> _What is being asked_:
The line with "Beyaz zirkon ve" marks the start; please set it down along with all later lines through the end of the material, exactly, leaving out pictures.
Start of Provided data
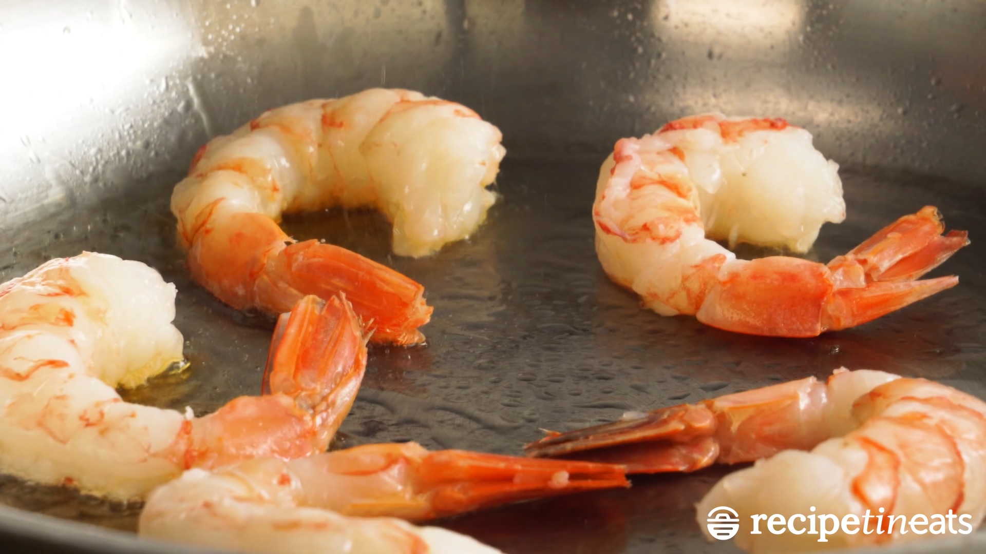 1. Heat oil in a frying pan over high heat. Fry the prawns or shrimps for about 45 seconds until golden, then remove into a bowl.
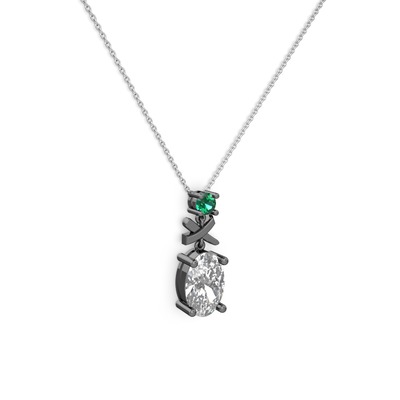 Beyaz zirkon ve yeşil kuvars 925 ayar siyah rodyum kaplama gümüş kolye (40 cm beyaz altın rolo zincir)
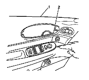 2. Gently pry upwards in order to release the front edge of the switch plate (2) from the door trim panel (1).
End of Provided data
> _Exercise answer_:
 Beyaz zirkon ve yeşil kuvars 925 ayar siyah rodyum kaplama gümüş kolye (40 cm beyaz altın rolo zincir)
 2. Gently pry upwards in order to release the front edge of the switch plate (2) from the door trim panel (1).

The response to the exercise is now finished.